Hi Gustavo

Thanks for the feedback, and I'm glad you find the runtime direction
reasonable. You're right that the API side of the umbrella deserves more
detail — let me respond point by point.

1. Multimodal type system

Support for the multimodal types (Tensor, Image, Embedding) will be
first-class for both SQL/Table and DataStream — this is an engine-level
type system capability and shouldn't be tied to any single API surface.
I'll make this explicit in "FLIP-XXX: Multimodal Data Type System and
Object Reference Mechanism", spelling out the visibility across each API so
it isn't read as Python-only.

2. Built-in multimodal operators and AI functions

Likewise, multimodal operators and AI functions will be supported for both
SQL and Python. I'll clarify this in "FLIP-XXX: Built-in Multimodal
Operators and AI Functions", or alternatively consider splitting the
SQL/Table side into its own sub-FLIP so it gets the design depth it
deserves.

3. DataStream

On whether to add built-in multimodal operators or expose Arrow directly on
the DataStream side, I'm open — this needs to be evaluated case by case.
One consideration is that DataStream can in many cases be converted to
SQL/Table for execution, which would let it reuse the multimodal
capabilities provided there without duplicating them on the DataStream
side.

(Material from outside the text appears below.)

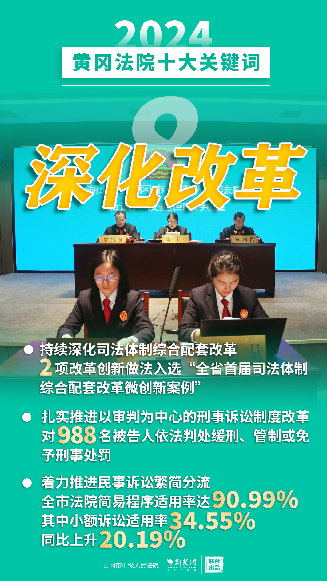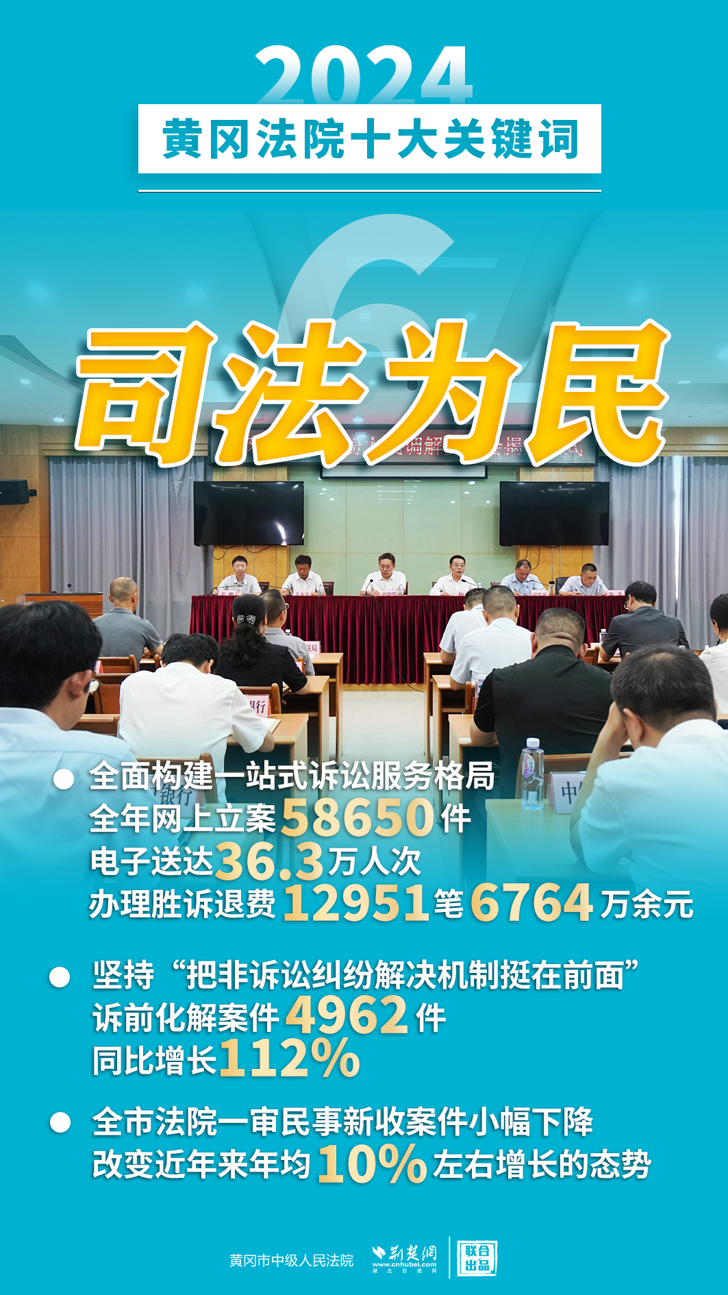 2024年,黃岡法院深入學(xué)習(xí)貫徹黨的二十屆三中全會(huì)精神,認(rèn)真落實(shí)黨中央決策部署和省委、市委工作要求,忠誠(chéng)履職、擔(dān)當(dāng)作為,著力護(hù)航經(jīng)濟(jì)高質(zhì)量發(fā)展、助推社會(huì)高效能治理、守護(hù)群眾高品質(zhì)生活,各項(xiàng)工作取得新發(fā)展、實(shí)現(xiàn)新突破。

Which use cases are best served by the SQL/Table conversion path
versus native DataStream support is something we'll need to look at
concretely.

That said, I want to be explicit on one point: RpcOperator, as an
engine-level first-class operator abstraction, will be available to Java
DataStream users. The use cases you mentioned — real-time enrichment, CDC +
model scoring — can absolutely use RpcOperator on DataStream to integrate
GPU inference services. I'll make this explicit in the RpcOperator sub-FLIP.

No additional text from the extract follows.